The impetus for the disappointing performance stems from billions of dollars the bank set aside to cover future litigation costs. Over the last few months, JPMorgan has found itself in the legal and regulatory crosshairs for a multitude of alleged violations.
The Securities and Exchange Commission is investigating whether it gave jobs to the children of high-ranking government officials in China in order to woo business. The Justice Department is looking into the quality of mortgage-backed securities it sold in the lead-up to the crisis. It recently settled regulatory actions related to last year's London Whale scandal. And the list goes on and on.
In anticipation of future payouts, JPMorgan recorded a $9.2 billion expense in order to build its litigation reserves.
"We continuously evaluate our legal reserves, but in this highly charged and unpredictable environment, with escalating demands and penalties from multiple government agencies, we thought it was prudent to significantly strengthen them," said Dimon. "While we expect our litigation costs should abate and normalize over time, they may continue to be volatile over the next several quarters."
Not unlike Bank of America (NYSE: BAC ) , which inherited the lion's share of its legal and regulatory woes via its acquisition of Countrywide Financial, JPMorgan is now reaping what it sowed through its crisis-era takeovers of Bear Stearns and Washington Mutual.
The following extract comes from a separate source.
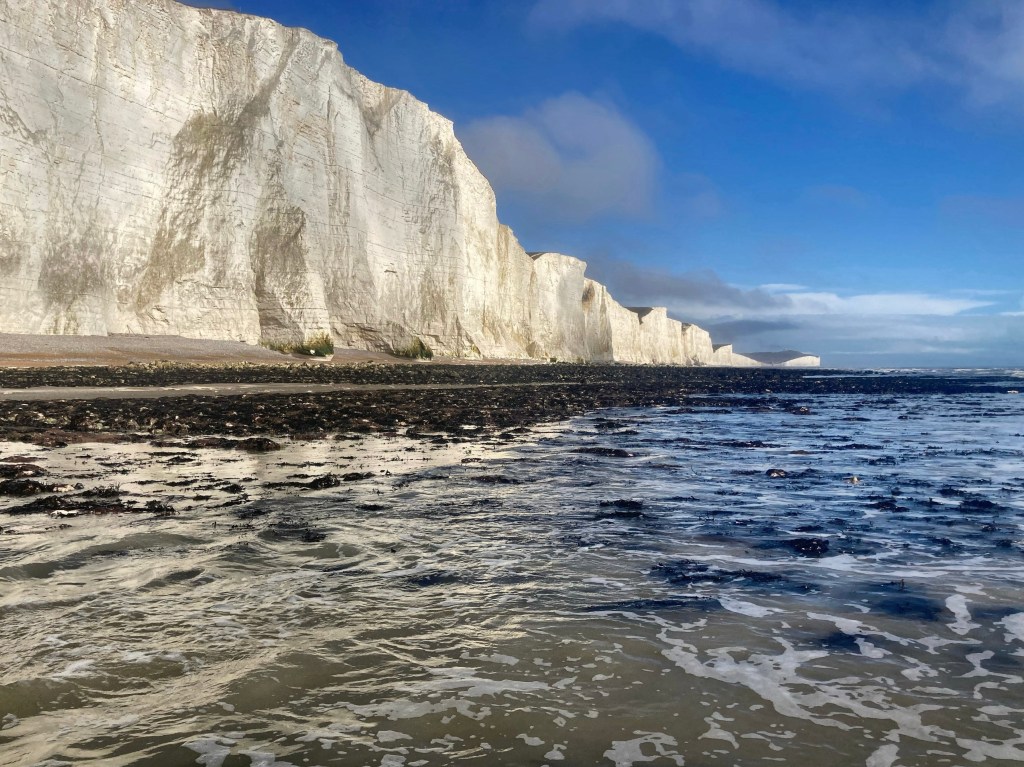 It was low, rushing breakers hurrying in, and we walked away from the river that fled into the sea, toward the foot of the huge white cliffs. The shingle shifted, making every step a wobble. Between us and the sea were chalk boulders, weathered into curves and colonised by black weed. We paused and looked up, the cliffs indescribably big an ice us, hills wheeling along the white edge above. In a big hollow, the sound of the waves was echoed back, a soft but steady roar. We changed and went into the waves, into water no more than waist height but waves that broke and soaked us. Between swells we ducked and swam a few strokes, popping up to jump the coming crests. The sun was strong, glittering off the shattered white water lace around us. Looking back we could see the seven sisters fronted by foaming water.

The one difference being that JPMorgan's moves were encouraged, if not underwritten, by and at the behest of the federal government. The resulting frustration came through loud and clear in the bank's earnings release.
According to Dimon (emphasis added), "The Board continues to seek a fair and reasonable settlement with the government on mortgage-related issues -- and one that recognizes the extraordinary circumstances of the Bear Stearns and Washington Mutual transactions, which were undertaken at the request or encouragement of the U.S. Government."
Litigation expenses aside, JPMorgan earned $5.8 billion, or $1.42 per share, which handily exceeded analysts' expectations of $4.65 billion, or $1.21 per share.
Every indication suggests its core businesses are performing well. Deposits were up by 10% in its consumer and community banking division. Its corporate and investment bank maintained its leadership position in global investment banking fees. And the bank's asset management division recorded its 18th consecutive quarter of positive net long-term client flows.
In addition, serving as perhaps a harbinger of things to come from the rest of the industry, its mortgage origination volume held up better than expected despite the sharp decline in refinance activity. Last month, chief financial officer Marianne Lake predicted that its home loan volume could drop by as much as 40%. But today, we learned that it declined by a much more reasonable 18%.
However, the same cannot be said for Wells Fargo (NYSE: WFC ) , which reported today that its third-quarter mortgage origination volume came in at $80 billion. The performance broke Wells Fargo's record streak of seven consecutive quarters in which it underwrote more than $100 billion in home loans.
At the end of the day, whether you love JPMorgan or hate it, there's little doubt that it's one of the most successful financial institutions in the world. And with a staggering $23 billion in reserves to protect against future legal costs and settlements, it's hard to imagine that this quarter is anything but a blip on the megabank's otherwise profitable radar screen.
At the time of writing, shares of the bank are trading up by more than 1%.